Although he is widely recognized as one of the founders of Pop Art, a movement that was regarded at the time as one of the most radical interventions in the history of painting, Lichtenstein was a great student of art history and would have been knowledgeable about the historical traditions of both still life and portraiture. Still life's centuries-old tradition afforded Lichtenstein the opportunity to indulge his fascination with a composition's formal qualities. In Interior with Painting and Still Life, Lichtenstein selects objects with a variety of surfaces--the wooden box, the reflective glass bottle, and the carpeted floor--presenting a rich combination of forms and textures to explore. The inclusion of one of the artist's iconic images of a young woman in the composition recalls the famous Girl paintings which helped to establish his reputation as an artist in the 1960s. These paintings, based on images taken from 1950s romance comic books, again display Lichtenstein's interest in form and composition. Using the Benday dots of the industrial printing process, Lichtenstein replicates images he finds in cheap magazines popular with young women of the day. But rather than just copying the images directly, he often manipulates the composition to produce an image that contained more intrigue or ambiguity than the original.
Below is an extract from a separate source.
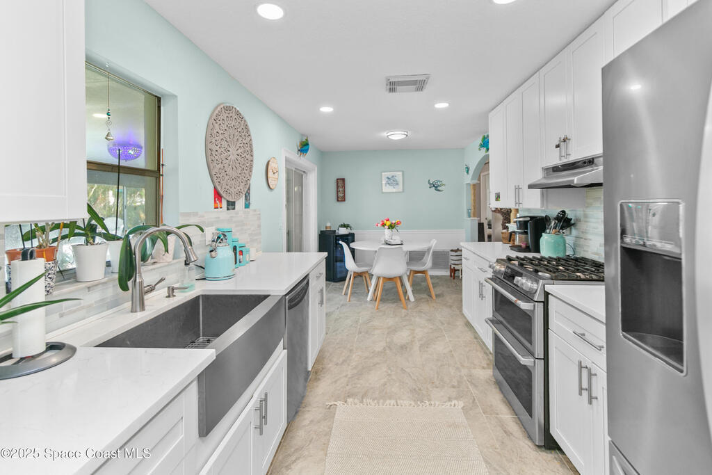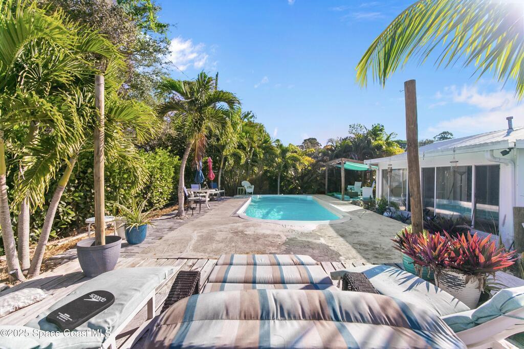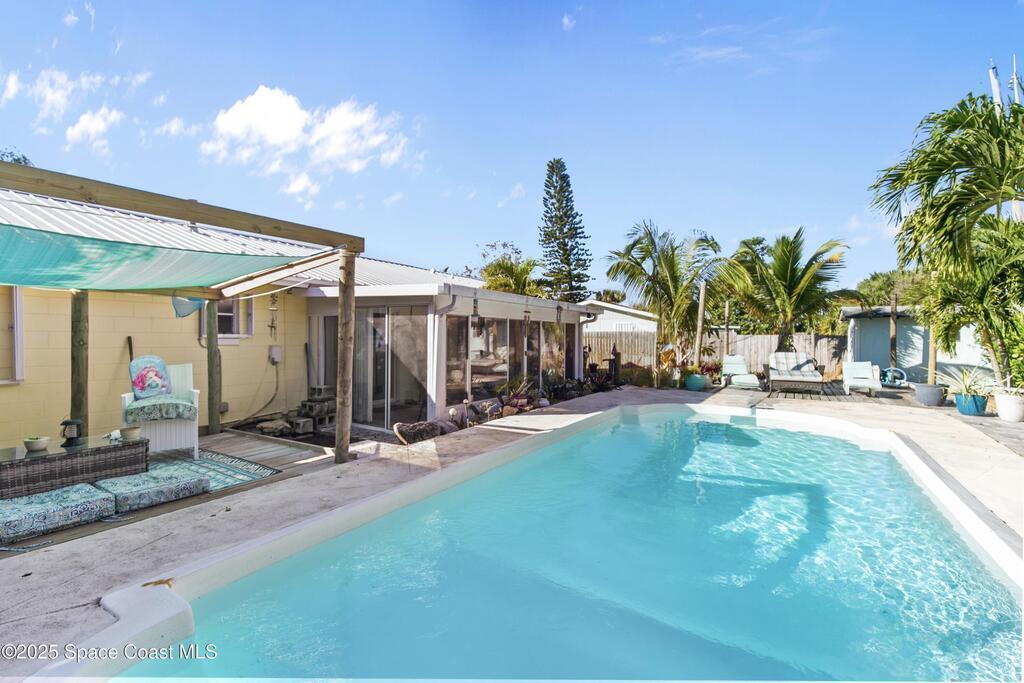 Welcome to 1820 Via Roma in Merritt Island--updated, coastal living on the iconic Space Coast. This renovated home features a modern kitchen with quartz countertops, stainless steel appliances, and a Cafe gas oven. Major updates include a 2018 metal roof, 2016 HVAC, 2023 water heater, and gas heating. Enjoy the flexible back porch with glass sliders that create a cozy enclosed space on cooler days or open to a breezy screened porch in warmer months. The backyard offers an in-ground saltwater pool with a sun shelf and plenty of room to relax. RV/boat parking adds convenience for Florida adventures. Plus, you can even catch rocket launches from the property. Not in a flood zone. This home won't last long. Schedule your showing today! Buyer and buyer's agent to verify all information deemed important.

"You know, all my subjects are always two-dimensional or at least they come from two-dimensional sources. In other words, even if I'm painting a room, it's an image of a room that I got from a furniture ad in a phone book, which is a two-dimensional source. This has meaning for me in that when I came onto the scene, abstract artists like Frank Stella or Ellsworth Kelly were making paintings the point of which was that the painting itself became an object, a thing, like a sculpture, in its own right, not an illusion of something else. And what I've been trying to say all this time is similar: that even if my work looks like it depicts something, it's essentially a flat two-dimensional image, an object" (R. Lichtenstein, quoted in M. Kimmelman, PORTRAITS, Talking with Artists at the Met, The Modern, The Louvre and Elsewhere, reproduced at www.lichtensteinfoundation.org).
In Interior with Painting and Still Life two of the most important genres--portraiture and still life--have been condensed to their most significant compositional components and rendered in Lichtenstein's iconic style. An homage to the distinctive elements that defined Western painting in earlier periods, Lichtenstein's tie to past masters in turn defined his practice: "All my art is in some way about other art, even if the other art is cartoons" (R. Lichtenstein quoted in J. Hendrickson, Roy Lichtenstein, Cologne, 2000, n. p.). Like Andy Warhol's Do It Yourself, 1962 Lichtenstein's style implies a democratization of art, while honoring the great traditions of Western art, and in doing so he condensed the traditions contained within them concisely, and with humor, style and infinite grace.